If you were to ask me, up until rather recently, who I was or what made me 'me' I would reply with a long list that might look a lot like what you think identifies who you are as well. My list read as follows:
1. Daughter to The King
2. Wife of an amazing man
3. Mother to wonderful children
4. A daughter
5. A sister
6. A friend
7. An aspiring writer
8. Homemaker
....And the list goes on and on. I have spent so much time and energy trying to achieve the excellence status on all these things I thought were what identified me or gave me value. Trying to earn good standing merritt while trying to lead a good and pleasing life for God. And it is exhausting to live like that. Constantly having to toil to check a list that proves I have worth. That proves I am worth something. Something constantly to do to earn good standing with those around me and with God. Beating myself up when I feel I have fallen short or messed something up.
But recently, while reading an incredible book "Called To Reign" by Leif Hetland (HIGHLY recommend it!), I had an epiphany! Take my list from #2 down and hit delete from my "Identity" column.
See all those things are just assignments in life. Events, opportunities or commitments that give you the chance to do something with excellence and to be a shining example of God's commitment to you and His desire for the things of excellence for you (an abundant life). But your sole identity is to just be the Son or Daughter of God that you were created to be.

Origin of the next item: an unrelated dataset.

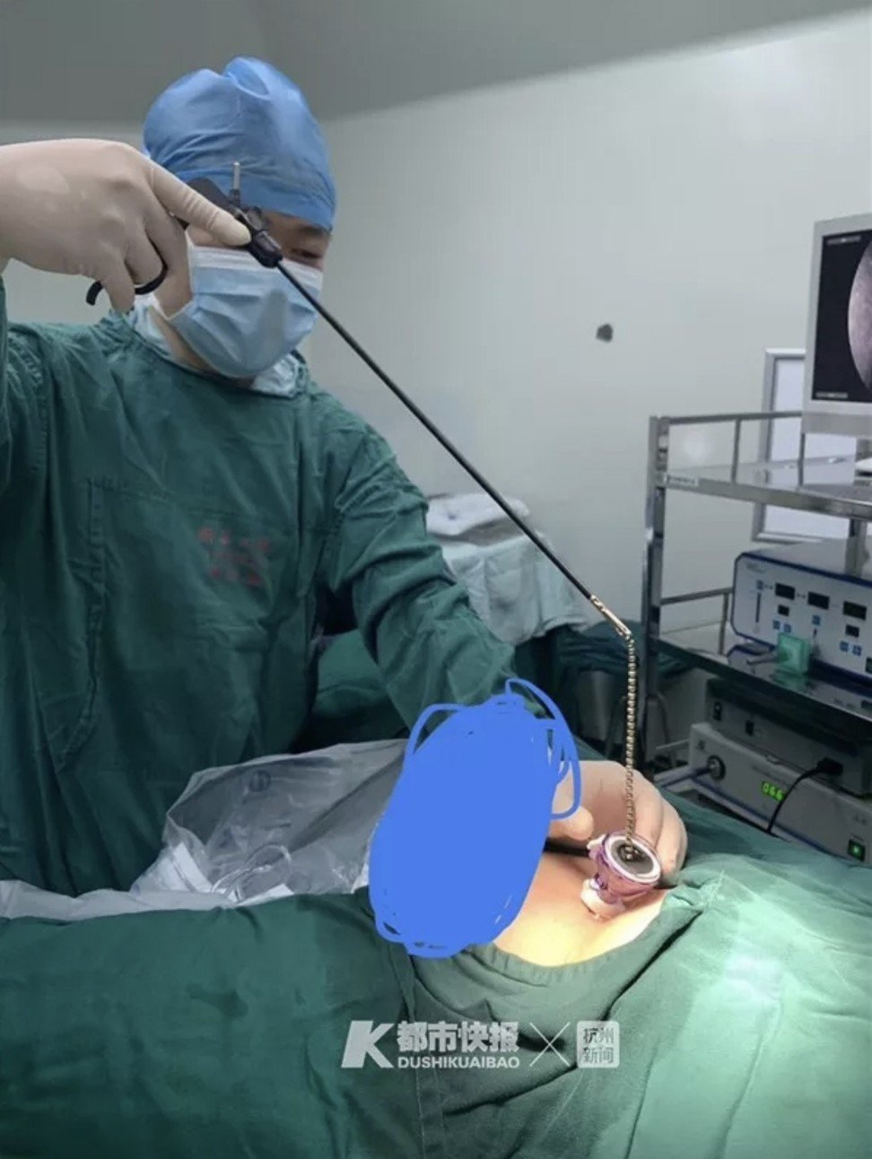 Các bác sĩ thực hiện ca phẫu thuật nội soi cho cậu bé dại dột - Ảnh: Guancha. |

Look back at Genesis during Creation. When God got to the creation of man on Day 6 it was first His breathe that filled them, brought them to life. Then, Adam first, opened his eyes and looked upon the face of his loving father. Adam wasn't given assignment until he had spent time with the Father. And during Adam's rest, not work, part of him was taken to create Eve. And Eve too, just like Adam, awoke to the face of her loving Father. Their sole purpose was to be a reflection of the family in Heaven (Father, Spirit, Son), here on Earth. To be in familial relationship with their Father. Not to name or have dominion over the Earth and all in it- But to simply be the son and daughter to The Most High. The rest was simply an assignment for their lives. That's what makes the fall of man so tragic. They were tempted with the lie or twisted idea that somehow doing anything other than what they were created to be would produce a greater identity of who they were, than what they already possessed. I mean seriously, co-heirs with Jesus Christ and children to the King of Kings-What could possibly be better than that?
So as I reflected on this in my own life I felt like I had opened Pandora's Box! Questions of how could I have missed something so elementary? And then it hit me...

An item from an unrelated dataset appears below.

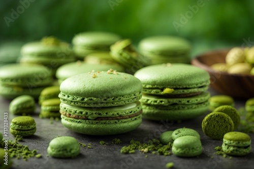 macaroons on a wooden table (Matcha Green Tea Macaron)
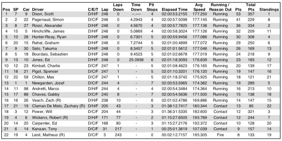 Further back in the pack were Hinchcliffe, Ryan Hunter-Reay, and Graham Rahal who wrapped up the top six, and Takuma Sato, Sebastien Bourdais, Ed Jones, and Charlie Kimball who secured their respective spots in the top ten, and in turn, valuable points for the championship. Today’s results move Dixon to the top of the championship with 357 points, Rossi in second with 334, and Power in third with 321.

That's all I had ever been taught. Sure I had been told I was a daughter to a king. But never had I ever heard that all I had to be was just that. That everything else He placed in my life was a mere assignment. Chances for Him to shower me with love and reminders of His love for me and desire for me to chase the dreams He had for my life. Dreams that have,to date, proven far greater than any I EVER had for myself. Dreams that the Giver of Dreams, the one who desires an abundant life for me, has for me- has for you!
I had bought into the age old, tired lie that Satan spins trying to convince you to work your way into earning favor with God or people so that you may one day be worth something!
A lie laced with just enough truth it proves fatal to the spiritual life of an unimaginable number of people through the generations. The truth in it? " Whatever you do, work heartily, as for the Lord and not for men" Colossians 3:23. But that's it. We are supposed to do everything we do with a level of excellence as if it were being gifted to God. But we DO NOT do it to earn favor with God. Or a place with Him. We do not have to prove we are worthy because He already says we are.
I think we forget that our Heavenly Father was willing to turn His face to His son, knowing that what was transpiring in that time would allow all His children the opportunity to return to Him. To rejoin the Family.
When I really grasped this concept. This truth. The overwhelming need to add to my plate to prove or earn something vanished. No longer do I feel the need to do to please or earn meritt. All I do now is simply out of praise for who I was created to be. Out of love for my Heavenly Father and the Family I was bought into. I serve because the one who paid my ransom set the example of service and showed that sacrificial love and servanthood speaks more praises and rings more truth than any checklist of enslaved obligations. My service is now coming from a heart that yearns for the acts and worship of my life to be a sweet perfume poured from a heart of gratitude; than that of a burnt oil seeking to get one more blessing or one more pat on the back.
So as you go today, about your daily assignments. Don't beat yourself up thinking that you are not enough or are unworthy because your assignments do not look like everyone else's. Or your past assignments didn't go as you planned. Because we don't all come off the Potter's Wheel looking the same. Just rest in your day, in the knowledge that your sole identity is not wrapped up in your assignments, but rather in the fact that you are a Son or Daughter to the Most High. Let our Heavenly Father guide you through the rest.